── Provided data
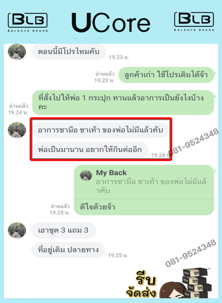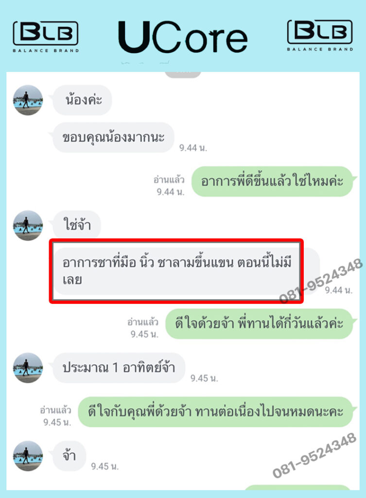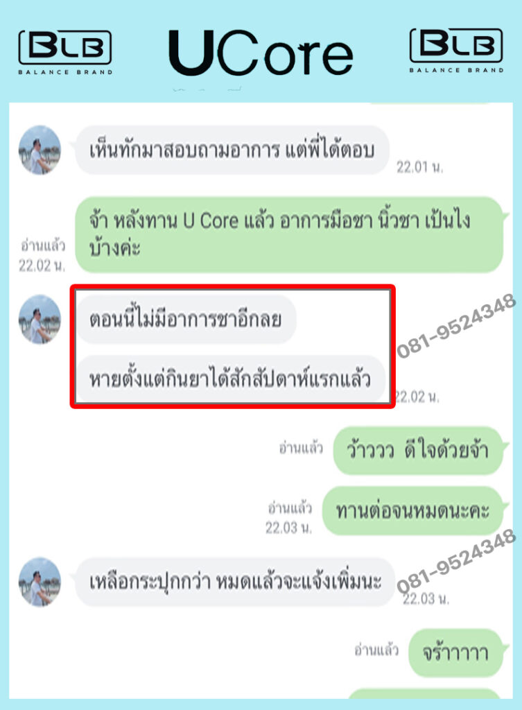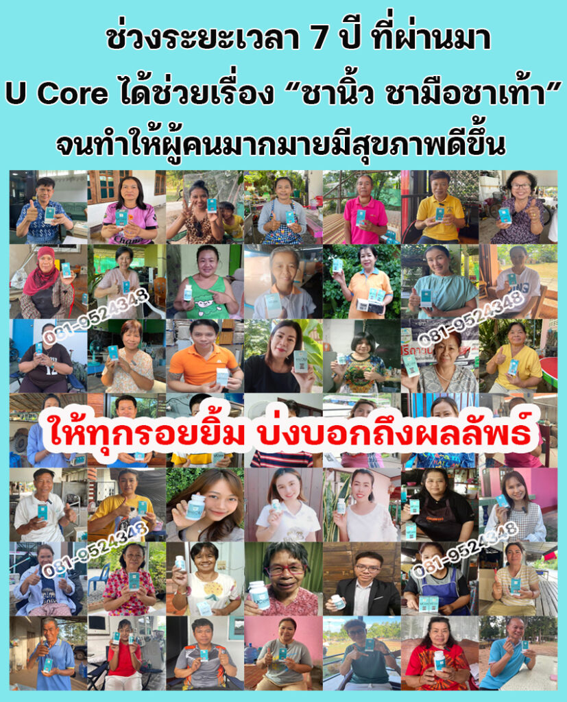 เพื่อนๆ พี่ๆ ท่านใดที่กำลังมีอาการชามือ ชาเท้าอยู่ ผมแนะนำ U Core เลยนะครับ บอกเลยว่าไม่ผิดหวังแน่นอน ป้าแม่บ้านและตัวผม ขอเป็นตัวอย่างให้ (เลื่อนลงด้านล่าง เพื่อดูรีวิวได้) ขอเป็นกำลังใจให้ทุกท่านนะครับ เป็นได้ก็หายได้ครับ
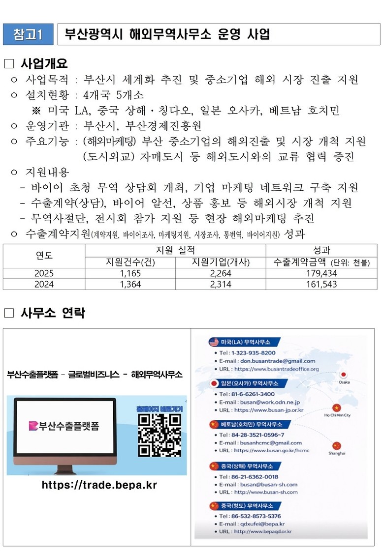 해외무역사무소 지원을 희망하는 기업은 해외무역사무소 홈페이지 또는 부산수출플랫폼(trade.bepa.kr)을 통해 언제든 문의하면 된다.
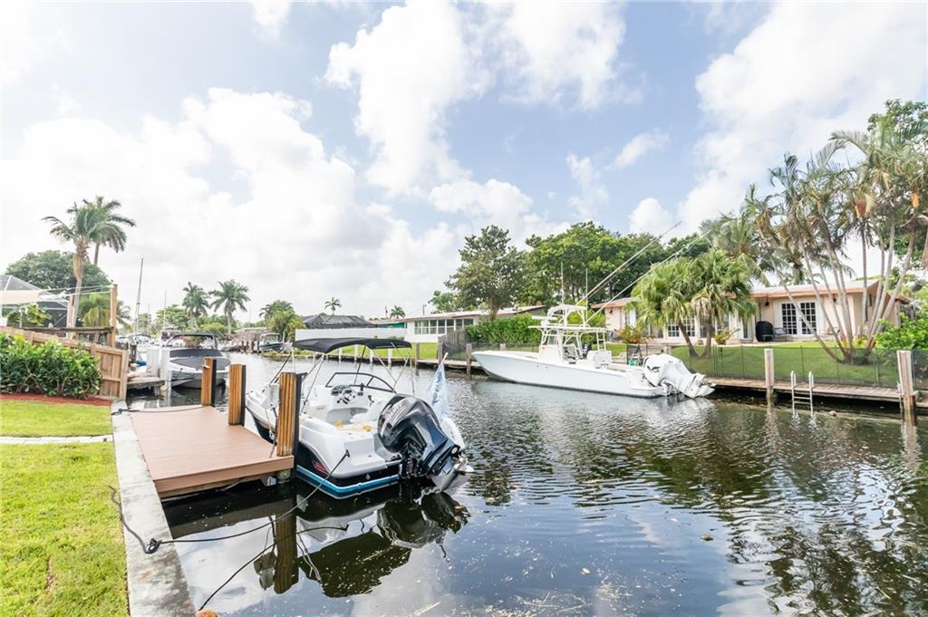 4/2 in Lauderdale Isles completely updated and remodeled in 2017 all with permits including carport and Florida room conversion, HVAC, Plumbing, Electric, Impact Windows/Door. 2020 New Fence, New half moon driveway , New porch and pergola, Built in bar, New Seawall footer and new dock. Open split floorplan with beautiful Terrazo floors. Water views as soon as you step in the door, all glass living room overlooking your backyard and water views. Power and Water at the dock. Affordable boaters Deepwater / Ocean Access in Lauderdale isles with convenient commuter access to Turnpike, 595, I95. Convenient boat ramp just one street down for easy access to pull boat if needed. NO HOA.
────
**Exercise description**
With pictures omitted, reproduce exactly the lines from the line containing "해외무역사무소 지원을 희망하는" through the end of the data above.

**Response area**
 해외무역사무소 지원을 희망하는 기업은 해외무역사무소 홈페이지 또는 부산수출플랫폼(trade.bepa.kr)을 통해 언제든 문의하면 된다.
 4/2 in Lauderdale Isles completely updated and remodeled in 2017 all with permits including carport and Florida room conversion, HVAC, Plumbing, Electric, Impact Windows/Door. 2020 New Fence, New half moon driveway , New porch and pergola, Built in bar, New Seawall footer and new dock. Open split floorplan with beautiful Terrazo floors. Water views as soon as you step in the door, all glass living room overlooking your backyard and water views. Power and Water at the dock. Affordable boaters Deepwater / Ocean Access in Lauderdale isles with convenient commuter access to Turnpike, 595, I95. Convenient boat ramp just one street down for easy access to pull boat if needed. NO HOA.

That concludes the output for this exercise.